- Exercise objective -
Please give back each entry below unaltered, leaving the pictures out.

---------- Provided material

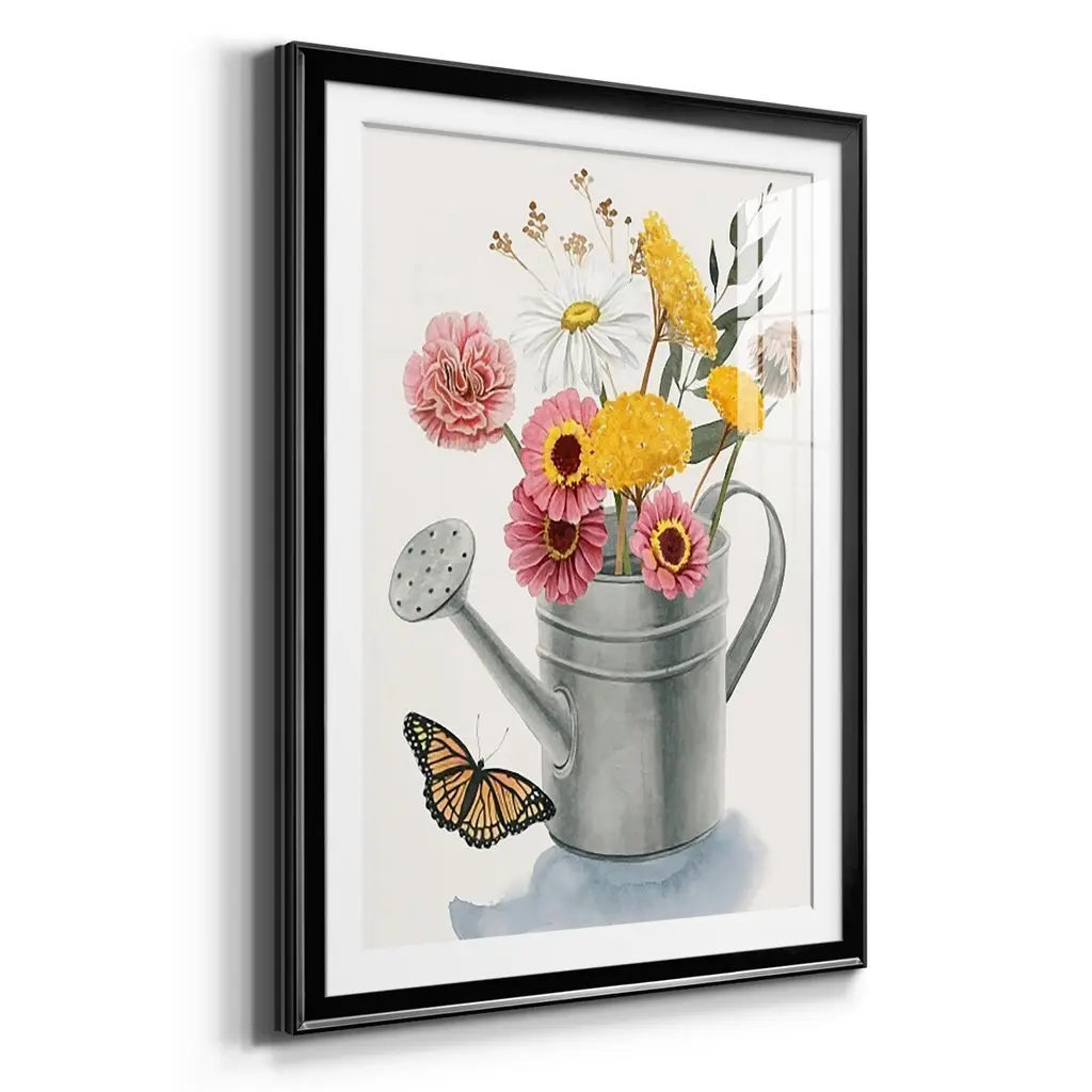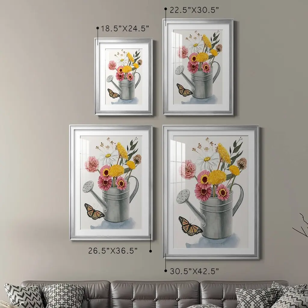 Watering Can Bouquet I Premium Framed Print - Ready to Hang A Premium Framed Print created to last. Framed in distressed wood and available in an array of sizes and colors Featuring a beveled a solid wood stretcher bar, each piece comes ready to hand 4 SIZES AVAILABLE 30.5''X42.5'' - Overall Size 26.5'X36.5'' - Overall Size 22.5''x30.5'' - Overall Size 18.5''x24.5'' - Overall Size Each piece is made to order. Each piece comes with hanging hardware. Made in the USA Ready to Hang Giclee Paper Print Acrylic Glass Beveled Matt Board
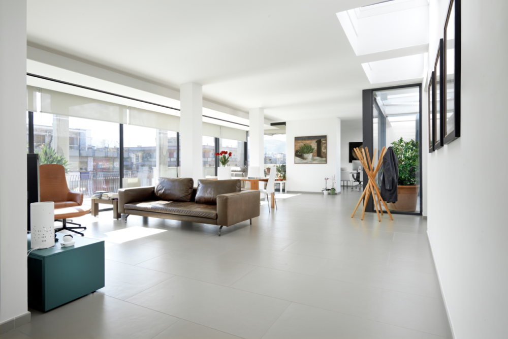 A legfelső emeleten elhelyezett irodaterületek egyedi lehetőségeket nyújtanak a tervezőknek. Ez az a tér, ahol a tető érintkezik a belső térrel. Itt nemcsak homlokzati ablakok alkalmazhatók a bevilágítás és szellőztetés tervezésekor, hanem felülvilágítók is, ezáltal lehetőség van a tető részleges vagy teljes megnyitására az égbolt felé. Az irodaépületek minőségét nemcsak a korszerű anyagok használata emeli, hanem az is, hogy a tervező, belsőépítész mekkora szerepet ad a természetes fénynek az irodaépületen belül.
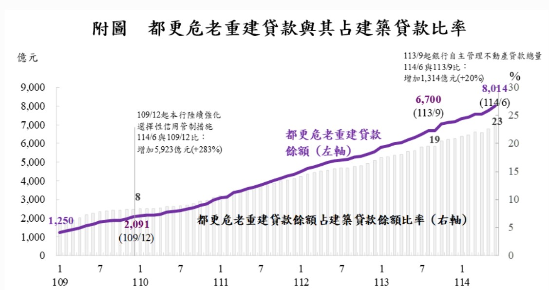 (一) 由於都更危老重建貸款未受本行規範限制,上年9月以來本國銀行都更危老重建貸款年增率均逾20%,本年6月底為26.73%,遠高於全體銀行建築貸款增幅2.01%;都更危老重建貸款占建築貸款比重由上年9月底之19%上升至本年6月底之23%。(如下圖,央行提供)
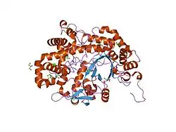 - ↑ Henrissat B, Bairoch A (June 1996). "Updating the sequence-based classification of glycosyl hydrolases". The Biochemical Journal. 316 (Pt 2): 695–6. doi:10.1042/bj3160695. PMC 1217404. PMID 8687420.
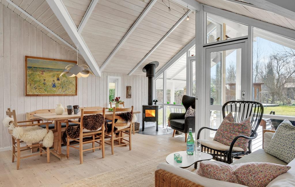 Huset ligger i smukke, rolige naturomgivelser, der indbyder til en ferie med masser af udeliv. Selve huset er lyst, rummeligt og smagfuldt indrettet. Der er mange vinduer, der lukker masser af dagslys ind og giver et dejligt udsyn til de grønne omgivelser. Hjertet i huset er den kombinerede spise- og opholdsstue med åbent køkken, hvor I kan tilberede og nyde lækre feriemåltider, sidde og spille kort- eller brætspil og hyggesnakke eller se film og serier på fladskærmen. Der er også brændeovn til de kølige årstider.

--------------------

- Solved exercise -
 Watering Can Bouquet I Premium Framed Print - Ready to Hang A Premium Framed Print created to last. Framed in distressed wood and available in an array of sizes and colors Featuring a beveled a solid wood stretcher bar, each piece comes ready to hand 4 SIZES AVAILABLE 30.5''X42.5'' - Overall Size 26.5'X36.5'' - Overall Size 22.5''x30.5'' - Overall Size 18.5''x24.5'' - Overall Size Each piece is made to order. Each piece comes with hanging hardware. Made in the USA Ready to Hang Giclee Paper Print Acrylic Glass Beveled Matt Board
 A legfelső emeleten elhelyezett irodaterületek egyedi lehetőségeket nyújtanak a tervezőknek. Ez az a tér, ahol a tető érintkezik a belső térrel. Itt nemcsak homlokzati ablakok alkalmazhatók a bevilágítás és szellőztetés tervezésekor, hanem felülvilágítók is, ezáltal lehetőség van a tető részleges vagy teljes megnyitására az égbolt felé. Az irodaépületek minőségét nemcsak a korszerű anyagok használata emeli, hanem az is, hogy a tervező, belsőépítész mekkora szerepet ad a természetes fénynek az irodaépületen belül.
 (一) 由於都更危老重建貸款未受本行規範限制,上年9月以來本國銀行都更危老重建貸款年增率均逾20%,本年6月底為26.73%,遠高於全體銀行建築貸款增幅2.01%;都更危老重建貸款占建築貸款比重由上年9月底之19%上升至本年6月底之23%。(如下圖,央行提供)
 - ↑ Henrissat B, Bairoch A (June 1996). "Updating the sequence-based classification of glycosyl hydrolases". The Biochemical Journal. 316 (Pt 2): 695–6. doi:10.1042/bj3160695. PMC 1217404. PMID 8687420.
 Huset ligger i smukke, rolige naturomgivelser, der indbyder til en ferie med masser af udeliv. Selve huset er lyst, rummeligt og smagfuldt indrettet. Der er mange vinduer, der lukker masser af dagslys ind og giver et dejligt udsyn til de grønne omgivelser. Hjertet i huset er den kombinerede spise- og opholdsstue med åbent køkken, hvor I kan tilberede og nyde lækre feriemåltider, sidde og spille kort- eller brætspil og hyggesnakke eller se film og serier på fladskærmen. Der er også brændeovn til de kølige årstider.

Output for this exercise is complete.